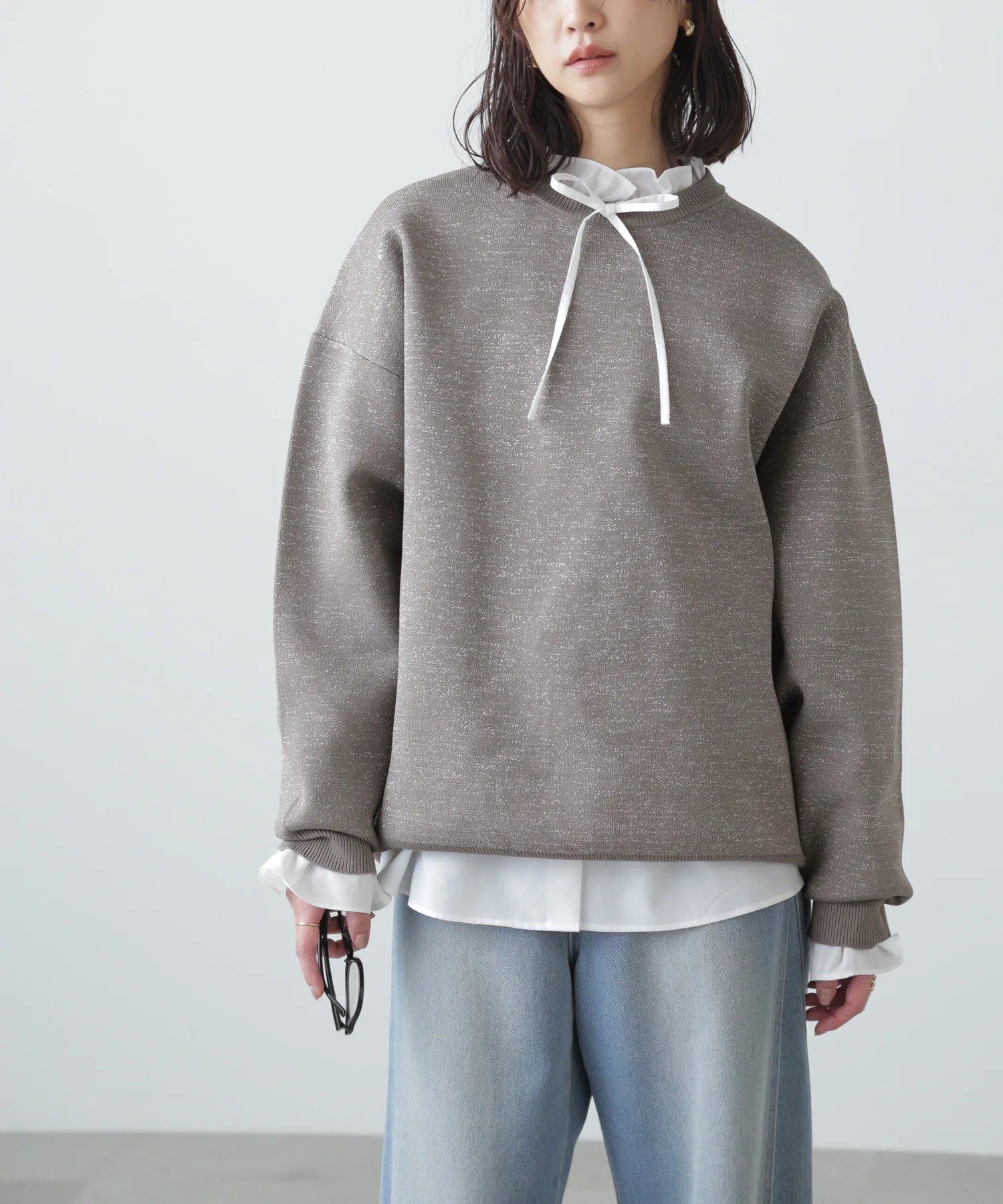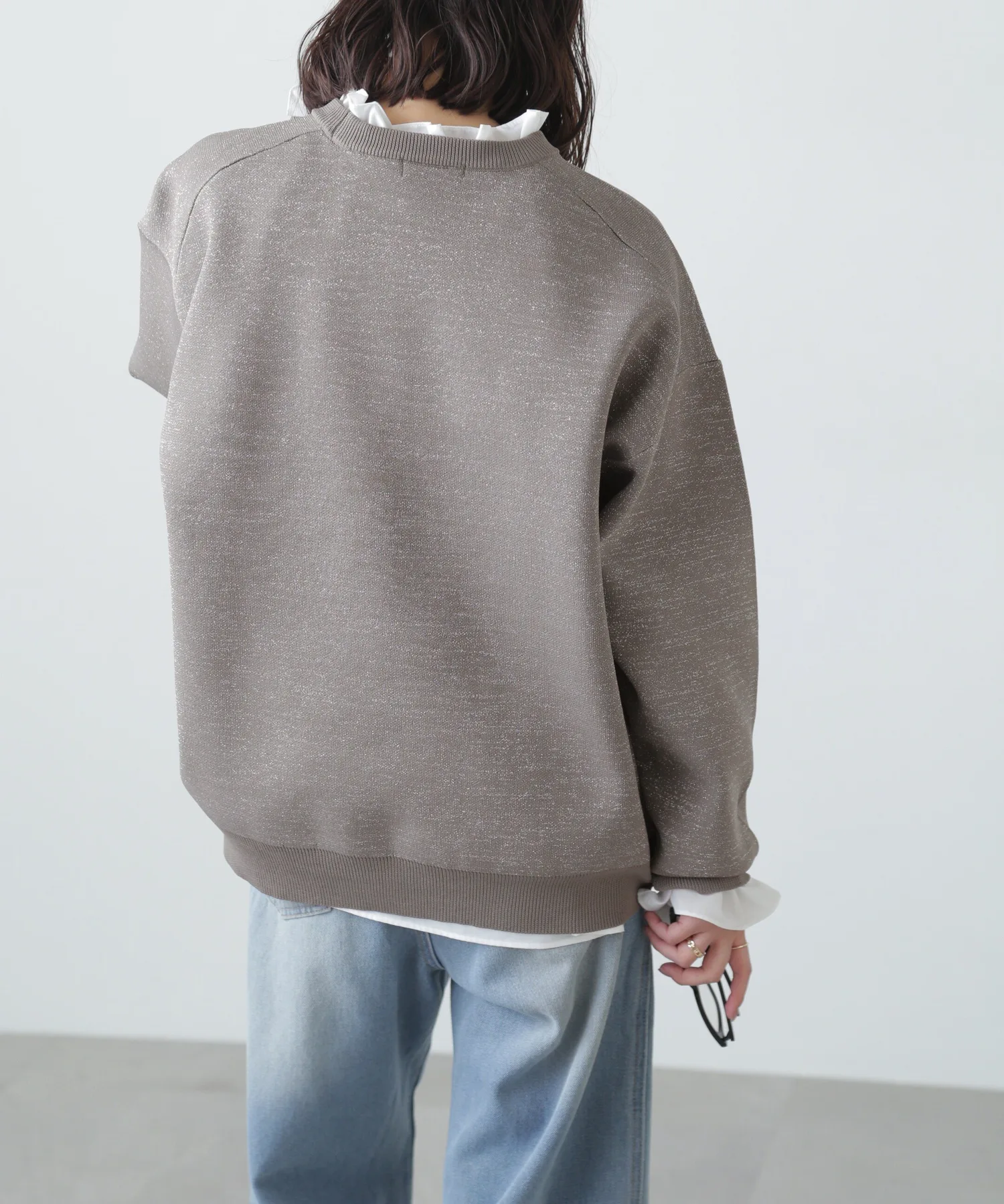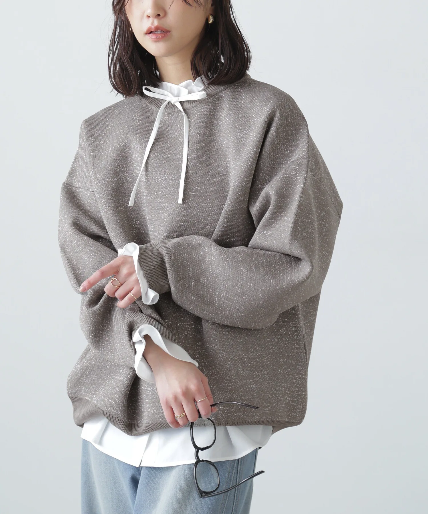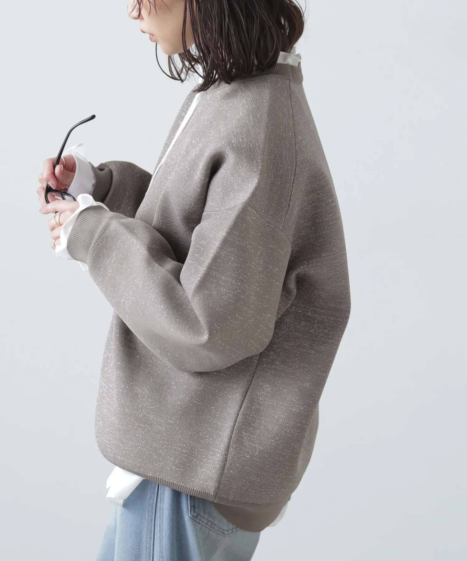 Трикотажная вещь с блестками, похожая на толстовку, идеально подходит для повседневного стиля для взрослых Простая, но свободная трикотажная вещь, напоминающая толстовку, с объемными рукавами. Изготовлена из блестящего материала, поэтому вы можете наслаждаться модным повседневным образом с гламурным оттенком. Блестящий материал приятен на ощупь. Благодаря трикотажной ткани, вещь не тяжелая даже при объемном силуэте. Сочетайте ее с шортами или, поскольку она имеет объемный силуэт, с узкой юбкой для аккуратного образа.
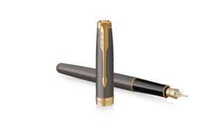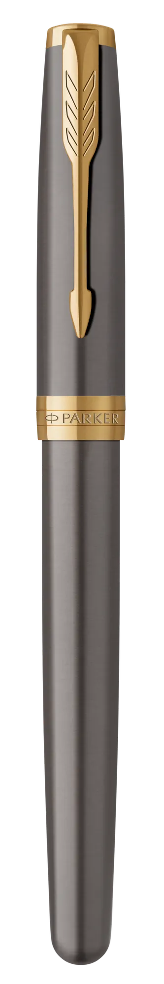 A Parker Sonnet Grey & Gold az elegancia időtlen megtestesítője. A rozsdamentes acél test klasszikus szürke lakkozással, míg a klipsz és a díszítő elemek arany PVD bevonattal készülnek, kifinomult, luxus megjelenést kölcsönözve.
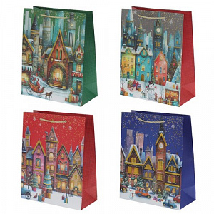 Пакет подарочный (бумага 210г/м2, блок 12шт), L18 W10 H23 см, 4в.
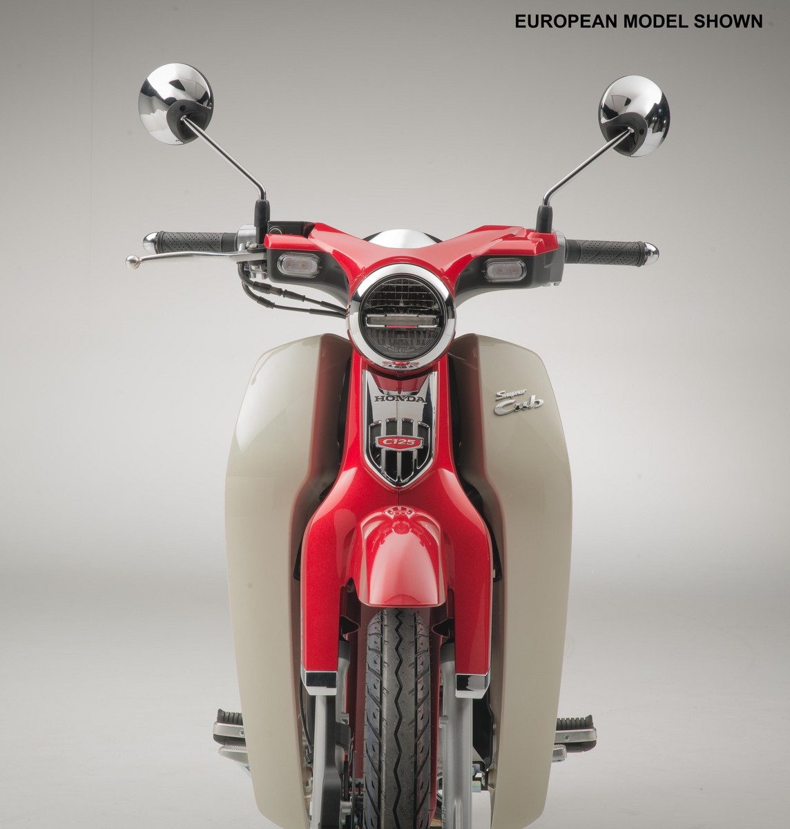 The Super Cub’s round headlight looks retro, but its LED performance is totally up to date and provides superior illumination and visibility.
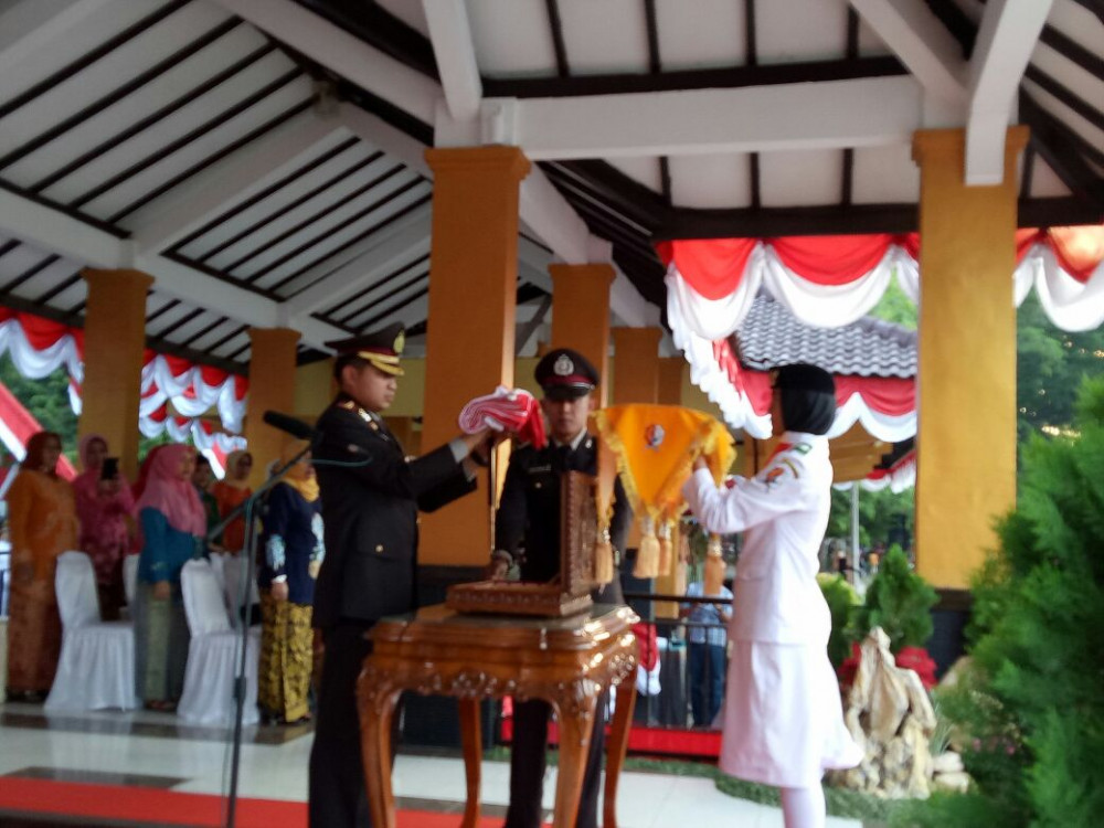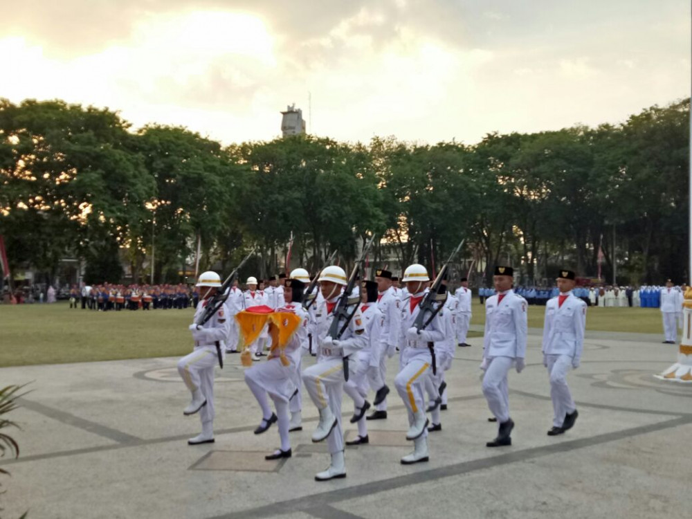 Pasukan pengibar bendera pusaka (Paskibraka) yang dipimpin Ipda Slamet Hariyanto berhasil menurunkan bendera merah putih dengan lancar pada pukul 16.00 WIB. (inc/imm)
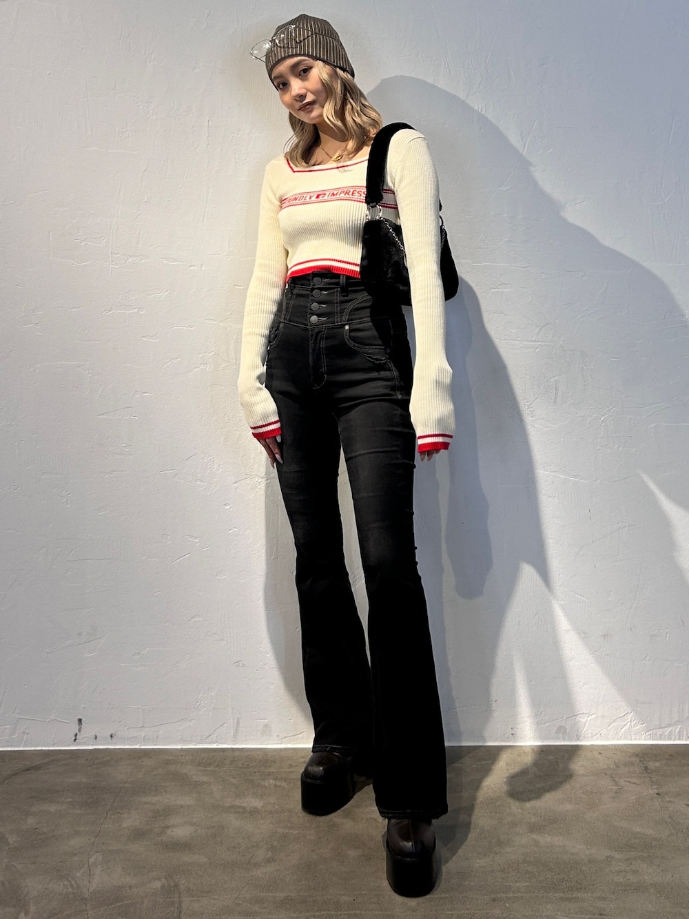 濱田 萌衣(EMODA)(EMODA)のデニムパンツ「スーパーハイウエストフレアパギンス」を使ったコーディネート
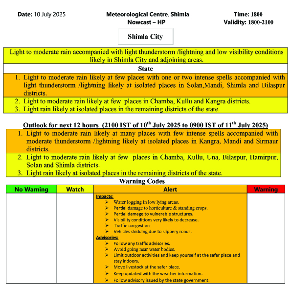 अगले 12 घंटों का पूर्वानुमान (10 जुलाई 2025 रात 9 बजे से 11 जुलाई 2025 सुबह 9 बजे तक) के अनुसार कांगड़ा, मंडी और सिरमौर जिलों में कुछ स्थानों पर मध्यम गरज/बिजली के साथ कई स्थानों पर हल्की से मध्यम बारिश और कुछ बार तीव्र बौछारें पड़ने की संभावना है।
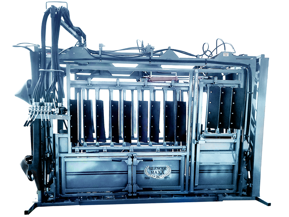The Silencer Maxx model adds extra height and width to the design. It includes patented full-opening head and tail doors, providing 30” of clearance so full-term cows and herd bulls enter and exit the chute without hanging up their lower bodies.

:: WHAT THE TASK ASKS ::
From the records above, give again only the part that opens with the line containing "The Super Cub’s" and closes with the line containing "अगले 12 घंटों". Keep both ends but drop the pictures.

:: ANSWER BOX ::
 The Super Cub’s round headlight looks retro, but its LED performance is totally up to date and provides superior illumination and visibility.
 Pasukan pengibar bendera pusaka (Paskibraka) yang dipimpin Ipda Slamet Hariyanto berhasil menurunkan bendera merah putih dengan lancar pada pukul 16.00 WIB. (inc/imm)
 濱田 萌衣(EMODA)(EMODA)のデニムパンツ「スーパーハイウエストフレアパギンス」を使ったコーディネート
 अगले 12 घंटों का पूर्वानुमान (10 जुलाई 2025 रात 9 बजे से 11 जुलाई 2025 सुबह 9 बजे तक) के अनुसार कांगड़ा, मंडी और सिरमौर जिलों में कुछ स्थानों पर मध्यम गरज/बिजली के साथ कई स्थानों पर हल्की से मध्यम बारिश और कुछ बार तीव्र बौछारें पड़ने की संभावना है।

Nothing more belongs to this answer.